Yantzer presents an overview of AGS cut grades

Developing a grading system for diamonds is an ongoing process that reflects advanced technologies, cutting skills, and changing tastes, said Peter Yantzer, executive director of the American Gem Society Laboratories, during a presentation on Wednesday titled “Understanding AGS Cut Grades.”

“It’s a dynamic process,” he told the audience. “Not a static system. It combines science and technology. It changes, and change is a benefit of the process.”

Yantzer’s talk included a history of cut grade standards, current standards, examples of AGS cut grade certificates, and examples of how the grading process is applied.

Yantzer stressed that consumer protection is the focus of the grading system. “If you protect the consumer, you protect the supply and distribution of the entire jewelry industry.”

The American Gem Society Laboratory was founded in 1995, and its cut grading reports are based on grading standards first developed in 1955 and implemented worldwide. Yantzer, who began work in the early 1970s as the seventh gemologist to work at the Gemological Institute of America’s New York office and later served as director of GIA’s laboratories in Los Angeles and Santa Monica, has witnessed many of the advances in cut grading. He noted that AGS and GIA are sister organizations that were both founded by Robert M. Shipley.

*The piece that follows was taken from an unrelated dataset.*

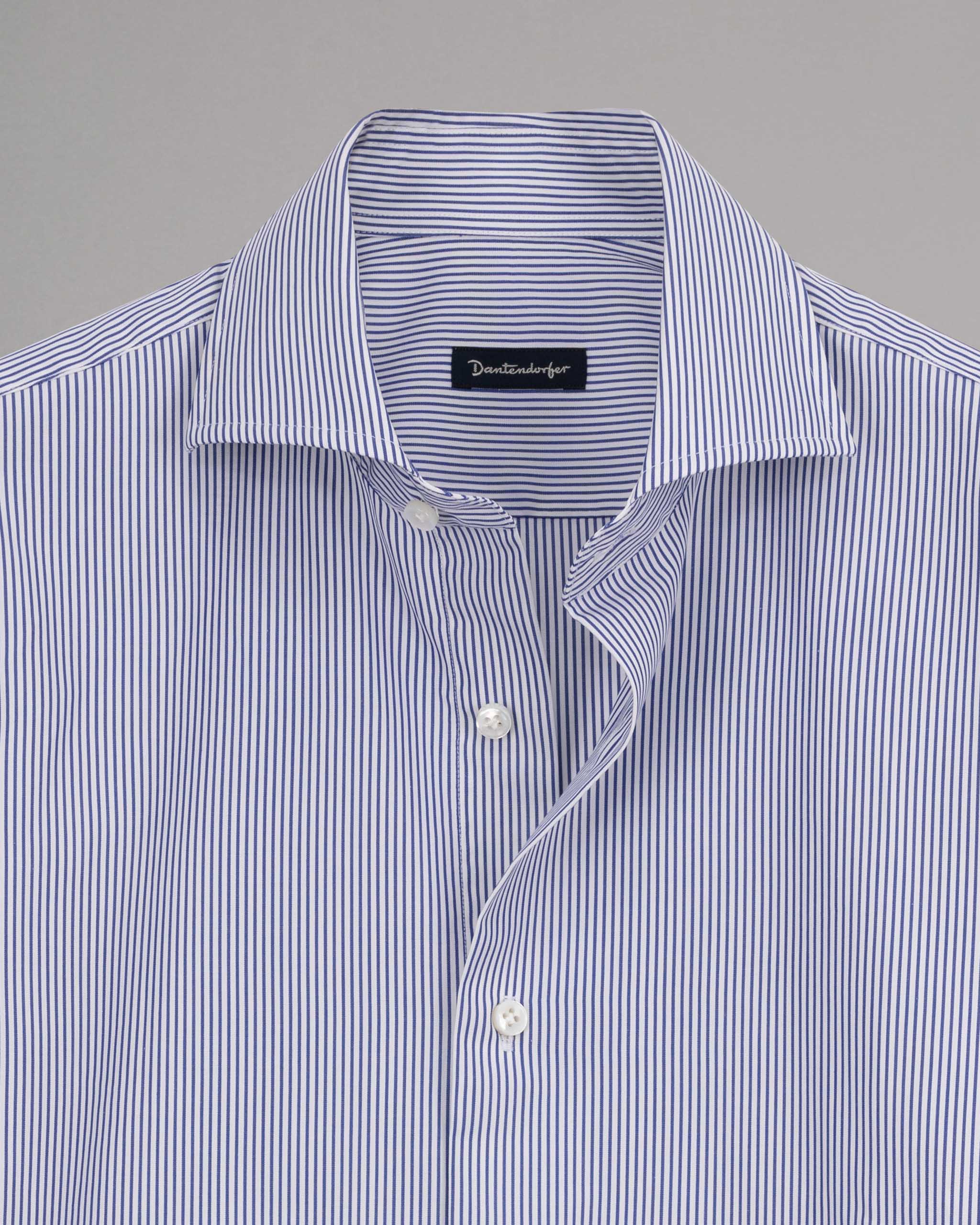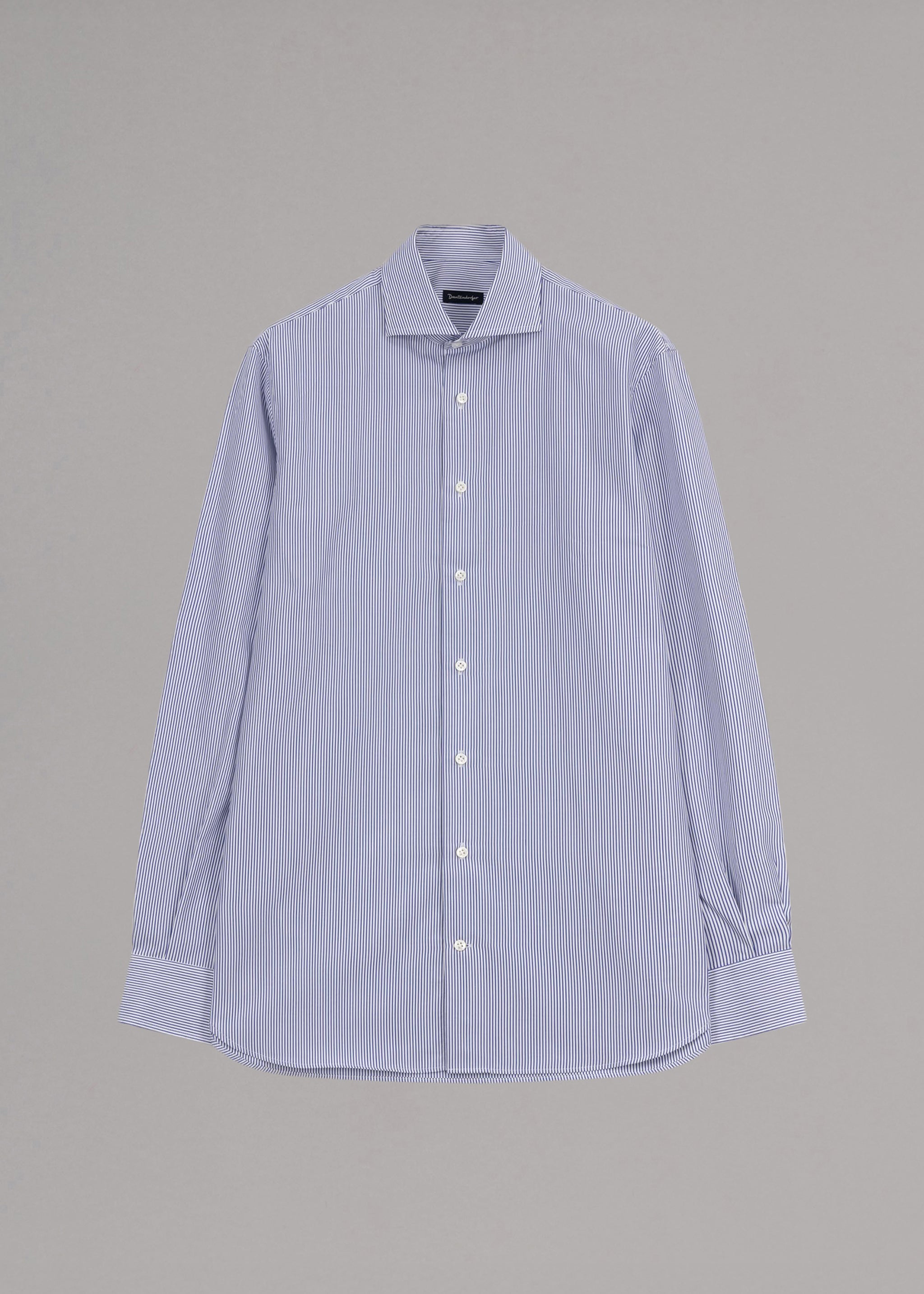 Gestreiftes Hemd von Dantendorfer, Haifischkragen, lange Ärmel mit Knopfmanschette, durchgehende Knopfleiste, abgerundeter Saum.

The last AGS revision of its diamond grading standards was in 1999, Yantzer said. The standards include the following measurements:

* Crown angle to a tenth of a degree;
* Pavilion depth percentage to the nearest tenth of a percentage;
* Pavilion angle, which supersedes depth percentage;
* Spread pavilion, which is a technique that can spread the pavilion beyond AGS grading standards without having a detrimental affect on the overall grade; and
* Culet size.

Yantzer noted that many other variables go into the grading process, and the relationships among standards create other variations in grading. For example, a 2% difference in the crown angle, while visually unnoticeable, makes an extreme difference in the performance of a diamond.

In addition to the many grading variables, AGS Laboratories places a large emphasis on the cutting and polishing of a diamond, he said. “I believe cutting is the most important value of diamond grading. We reward fine cutting. If you can’t cut it and get the polishing right, we’ll grade it down.”

Noting the difficulties of cutting the hardest substance on earth with great precision, he added, “Diamond cutting today is amazingly good. With diamonds you have to finesse it. It’s art and craftsmanship to the max.”